Performing additional experiments with KIT-targeting antibodies would improve the understanding whether KIT is a good therapeutic target or not. However in this study we mainly focused on KIT functions in various signaling pathways and testing if the effects after KIT knockdown would mimic the action of multikinase inhibitors, which we described previously. Unfortunately we do not have an opportunity to perform additional experiments in 10 days given for this revision.
Round 2
Reviewer 2 Report
Generally speaking, the authors took heed of the remarks raised by the reviewer (some typos left, see for example line 77). However I have a concern regarding Fig2 C. The micrographs cannot be interpreted because of poor definition.

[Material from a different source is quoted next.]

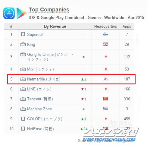 넷마블은 국내 게임사 중 유일하게 10위권 내 이름을 올렸으며, 구글플레이 기록으로는 핀란드 회사 슈퍼셀에 이어 전세계 매출 2위를 기록했다.

In addition, 2 micrographs, upper and lower panels on the right (merge): seems to be the same picture.
Author Response
Dear Reviewer,
We are grateful that you noticed the mistake in Figure 2. Indeed micrographs in Figure 2C were in the wrong order, as we inserted the wrong figure version in the manuscript by mistake. We uploaded the right Figure 2 version with micrographs in 2C in the right order and with a scale bar. Merge and mCherry images may look similar due to moderate FITC intensity compared to mCherry. Also, Figure 2D panel was missing and in the new figure version we added this panel. Micrographs were inserted using the maximum quality, no compression was used. To provide larger images we included Figure S3, which also contains cells stained with isotype control antibodies. We also corrected typos throughout the manuscript.

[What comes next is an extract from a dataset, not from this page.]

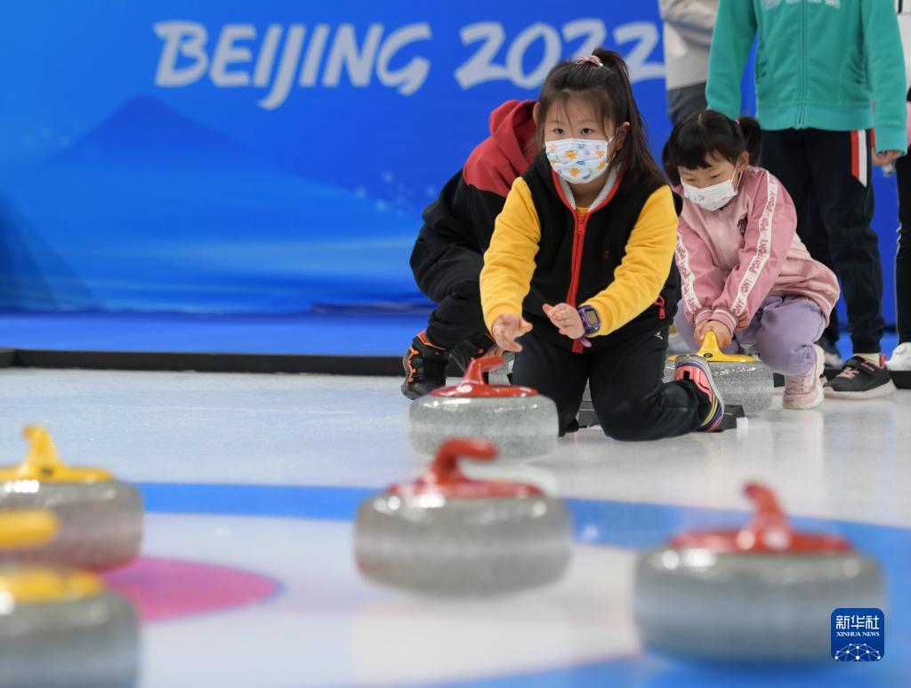 4月16日,小朋友在“冰立方”内体验冰壶运动。新华社记者 张晨霖 摄

We are sorry for the confusion caused by the wrong figure and again we are grateful for Reviewer's careful examination of our manuscript. We attach the Figure S3 with larger micrographs, which is also present in the supplementary file.
Author Response File: Author Response.pdf
Round 3
Reviewer 2 Report
Fig.2 C is better now, after corrective action. Despite commendable efforts and improvement, it is still not very convincing (pixelization), probably due to some technical limitations. If one looks at the Fig2 through the eyes of faith, it could be OK! Fortunately the authors have more convincing arguments to support their results and interpretations.